Summaries were richer and closer to the desired output.
Demonstrated the power of in-context learning for LLMs, even without changing model weights.
- Few-Shot In-Context Learning
I extended this idea to few-shot prompting:
3 examples: (dialogue, human summary) pairs.
1 new dialogue without its summary.
Example 1: dialogue + summary Example 2: dialogue + summary Example 3: dialogue + summary
Dialogue: dialogue_4 Summary:
Findings:
For some cases, few-shot did not significantly beat one-shot.
Important practical lesson: performance doesn’t always scale linearly with “more shots”; after ~3–5 examples, gains often saturate.
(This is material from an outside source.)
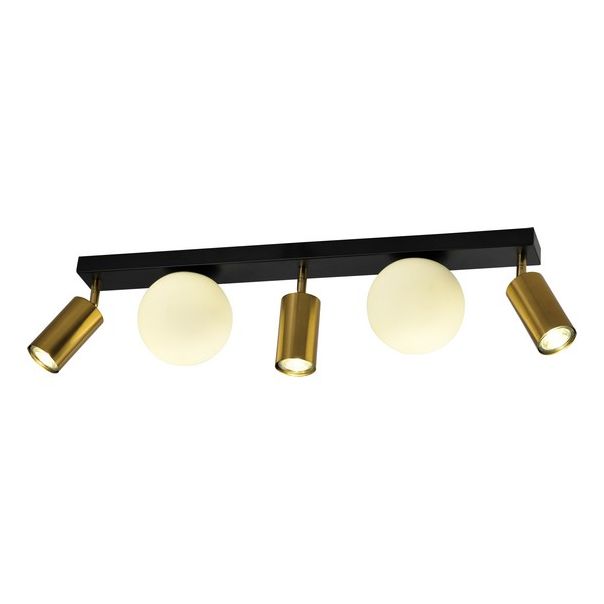 Spot lampa Forma FG155-5 BK+SG sa tri grla (GU10) i dva grla (E14) doprinosi modernom izgledu vaših prostorija.Izrađena je od metala u crnoj boji, grla su u boji zlata a kugle od stakla bele boje.Dizajn je modernog karaktera, sa elegantnim detaljima koji upotpunjuju njen luksuzni izgled.Zahvaljujući elegantnom horizontalnom obliku, bojama, originalnom i modernom dizajnu, može se uklopiti uz većinu enterijera.Zbog svojih dimenzija od 650x65mm ova lampa je idealna za trpezarije, dnevne sobe, spavaće sobe.

Also encountered context length limits (~512 tokens) – longer dialogues can hit the model’s maximum sequence length, causing warnings or truncation.
- Generation Configuration (Temperature & Sampling)
In the last part, I played with generation parameters:
Temperature
Low temperature (~0.1): conservative, repetitive, more deterministic summaries.
High temperature (~1.0–2.0): more diverse and creative, sometimes too “wild” for summarization.
Sampling strategies
Controlled how diverse the model output can be.
For a production summarization system, you’d typically use lower temperature for reliability.
This experimentation helped build intuition about how decoding strategies affect the final text quality.
What I Learned
How to integrate Hugging Face Transformers and Datasets with PyTorch in a practical NLP workflow.
The importance of prompt engineering:
Zero-shot vs one-shot vs few-shot.
Writing clear, task-specific instructions.
How in-context learning can dramatically improve model performance without any weight updates.
Trade-offs between deterministic vs creative outputs using temperature and sampling methods.
Practical considerations like context length limits and the diminishing returns of adding more examples to a prompt.
This project is a strong foundation for future work such as:
Fine-tuning FLAN-T5 (e.g., with LoRA/PEFT).
Building an automated summarization service for real customer support logs.